★★ of ★★★★★
A found footage anthology, complete with a hand-written note of spookiness!
The Fear Footage is a no-budget anthology found-footage horror by director Ricky Umberger. Its format follows in the footsteps of the VHS series, one story that enfolds (three, almost four) others within it. Some aspects are done surprisingly well and many predictably bad.
The parent story involves a cop being called to investigate a house that has spontaneously appeared where formerly there was none. The cop doesn’t actually seem to have any purpose for being there; I doubt that law enforcement has a radio code for “magic house”, maybe a 10-666? Whatever he’s there for, he expects trouble because he draws his gun and proceeds to point it at everything in the house. He’s pretty easily sidetracked though by the TV being on which is playing the first short.
In “Birthday Party,” a boy receives a camera for his birthday which is handy because now he can film the spooky clowns that have shown up at his house to celebrate with him. Here’s where the first surprising touches show themselves. Creepy fingers curling around a door, a voice coming from a source it shouldn’t be, and figures standing where they shouldn’t be, creates a pretty effective atmosphere of spookiness. At one point, I said, “Oh, hell no!” but, as usual, the character didn’t listen.

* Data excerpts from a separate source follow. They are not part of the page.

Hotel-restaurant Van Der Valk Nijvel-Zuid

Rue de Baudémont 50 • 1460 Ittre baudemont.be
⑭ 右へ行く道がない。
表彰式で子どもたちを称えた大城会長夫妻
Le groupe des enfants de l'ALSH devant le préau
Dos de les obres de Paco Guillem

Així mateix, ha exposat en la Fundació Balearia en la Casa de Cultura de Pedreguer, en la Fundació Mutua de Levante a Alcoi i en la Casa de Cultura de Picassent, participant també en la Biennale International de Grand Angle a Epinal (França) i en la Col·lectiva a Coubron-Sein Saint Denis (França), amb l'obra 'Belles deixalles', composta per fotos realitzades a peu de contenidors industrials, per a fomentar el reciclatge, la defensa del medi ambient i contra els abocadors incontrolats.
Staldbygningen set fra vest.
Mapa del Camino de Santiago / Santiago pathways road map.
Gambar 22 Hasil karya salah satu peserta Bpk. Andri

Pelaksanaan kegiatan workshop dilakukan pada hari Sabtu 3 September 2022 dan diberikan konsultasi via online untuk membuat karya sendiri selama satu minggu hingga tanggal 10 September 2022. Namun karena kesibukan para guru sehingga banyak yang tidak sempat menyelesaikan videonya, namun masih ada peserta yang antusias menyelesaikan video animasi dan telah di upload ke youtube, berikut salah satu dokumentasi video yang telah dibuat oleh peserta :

Next up is “Storm Chasers” which lacks the punch of the first segment. The titular storm chasers head off to do what their name implies only to find themselves on the wrong side of freaky hooded guys. I found the graffiti really distracting in the location. It’s a bit hard to feel tension when your protagonist is standing in front of the word “Vagina.” That being said, there was, again, some good body movements during the action sequences and a few sudden events that were, if not scary, at least surprising.

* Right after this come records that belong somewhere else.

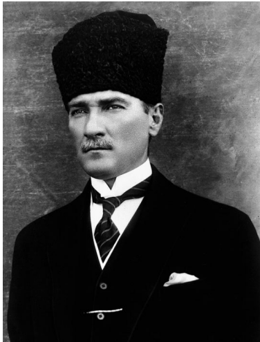
Mustafa Kemal Atatürk, bijgenaamd Vader der Turken, was als bevelhebber verantwoordelijk was voor de slachting in Smyrna.

Prophet” schrijft Serge Trifkovic: “Tijdens de lange strijd voor onafhankelijkheid, hebben de Grieken een zeer hoge prijs betaald met bloed en tranen.” Over de geschiedenis van Turkse overheersing van de Grieks Orthodoxe christenen schrijft Trifkovic: “Het verbranden van de Griekse stad Smyrna en de massaslachting van 300.000 christelijke bewoners is één van de meest beestachtige slachtpartijen van moslims jegens christelijke bevolkingsgroepen. Het is één van de bloedigste misdaden in de hele geschiedenis. Het markeerde het eind van de Griekse gemeenschap in Klein Azië”. Wat Allah’s volgelingen uit zijn naam in deze plaats hebben aanricht is onvoorstelbaar. Terwijl de Westerse vloot in de haven toekeek, werden 300.000 christenen vermoord. De officieren hadden de grootste moeite om met hun sloepen bij de schepen te komen, vanwege de enorme aantallen lijken in het water. De schroeven raakten vast door de lijken die in het water dreven en wanhopige drenkelingen die via de ankerkettingen aan boord van de schepen probeerden te komen, werden in het water teruggeduwd. De westerse regeringen waren volledig op de hoogte van deze slachting. Zie voor een compleet verslag: van deze moordpartij zie: http://www.greece.org/genocide/smyrna1922.htm en ook: http://www.ellopos.net/politics/turkey-blight/excerpts.asp
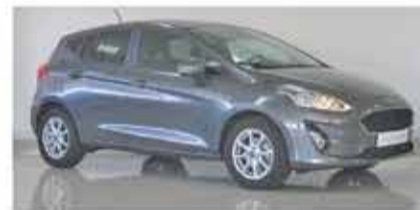
FORD FIESTA 1.0 TI-VCT BUSINESS 85 CV - 2018 - 13900€
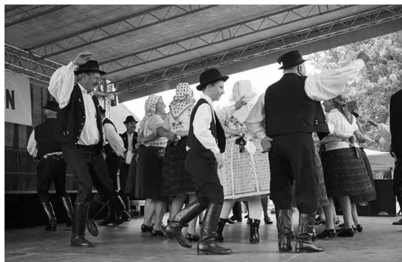
A veresi hagyományörzők fergeteges tánca
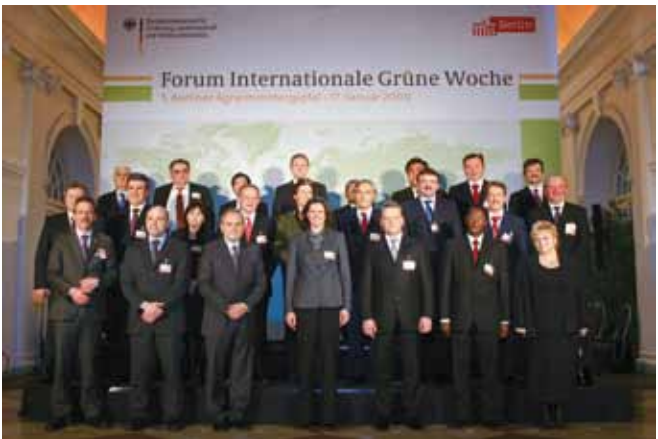
Teilnehmer des Berliner Agrarministertags 2009

Am 16. Januar 2010 veranstaltet das Bundesministerium für Ernährung, Landwirtschaft und Verbraucherschutz (BMELV) den 2. Berliner Agrarministertag. Das Thema des Gipfels lautet „Landwirtschaft und Klimawandel – neue Konzepte von Politik und Wirtschaft“. Mit diesem Thema knüpft das BMELV an den Schwerpunkt des Jahres 2009 „Ernährungssicherung“ an und greift die Herausforderungen des Klimawandels für die Landwirtschaft, insbesondere vor dem Hintergrund der UN-Klimakonferenz im Dezember in Kopenhagen, auf. Agrarministerinnen und Agrarminister aus aller Welt sind an diesem Tag nach Berlin eingeladen, um Erfahrungen und Konzepte zu Klimaschutz und Anpassungsstrategien ihrer Länder zu diskutieren.
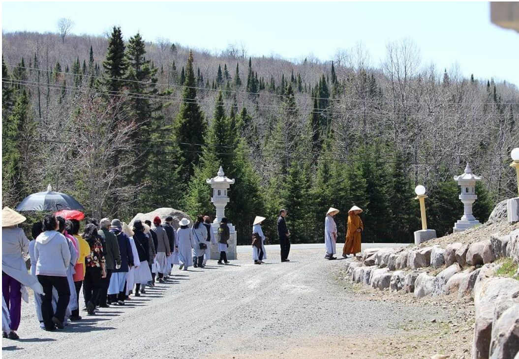
Thiền hành (mùa hè)
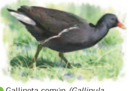
● Gallineta común ( Gallinula chloropus ) Moorhen
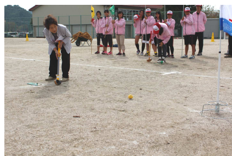
おおくに大運動会
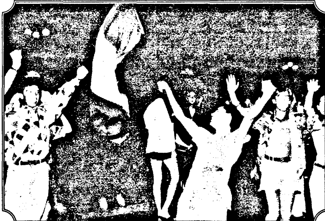
Arad. Plata Unirii. Orele 1.30-2. Bucurie mare. România a învins S.U.A. Suntem primii în grupă.
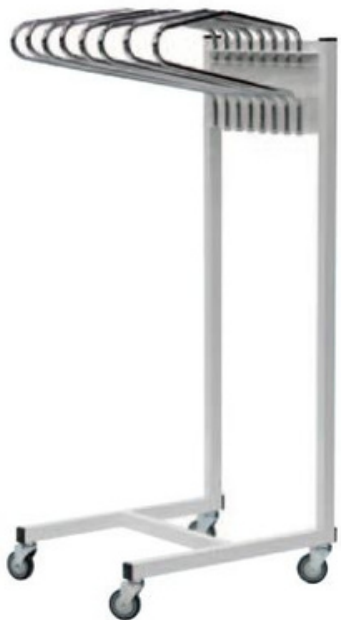
SPI-8219 SPI-8151 SPI-8153

- Lente Plomado : lente estándar con protección de 0.5 mm PB. Incluye estuche para protección.
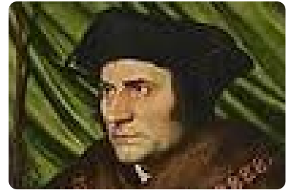
Thomas Morus (1478-1535)

Beschreibe die religiösen Vorstellungen der Utopier anhand von zwei im Text vorkommenden Beispielen und charakterisiere ihre Religionsausübung!

“Speak No Evil,” focuses on a former druggie who has become obsessed with noises in the woods behind his apartment. The sound work was really uneven on this segment, blaringly loud or whisper quiet. The locations were good, nice an ambient woods and then spooky locale with no random graffiti vulgarity. This was the first time (and second a few minutes later) I’ve ever seen vomit used as a jump scare.
The nearly fourth story isn’t actually a short, but a few written pages that the audience reads. I admit I’m a bit baffled on why they chose a non-cinematic route, especially when it didn’t tie into the next segment. It happens during the binding story, when the cop reads a little girl’s diary. I feel like maybe it could have been more effective if it had voiceover?
Finally, the film wraps back up when the police officer gets tired of watching home movies and decides to actually try and leave the house. This part has some pretty fun creepers as well as some location distortion (always a favorite of mine).
The Fear Footage at its best is better than the worst of VHS’s offerings. It isn’t particularly scary but it could give audience’s imaginations a nudge. It knows the genre well and does its best to keep up with the big boys. While I can’t say that the stories are revolutionary, for the most part, they’re capably executed. I’d like to see what the director could do with a bigger budget.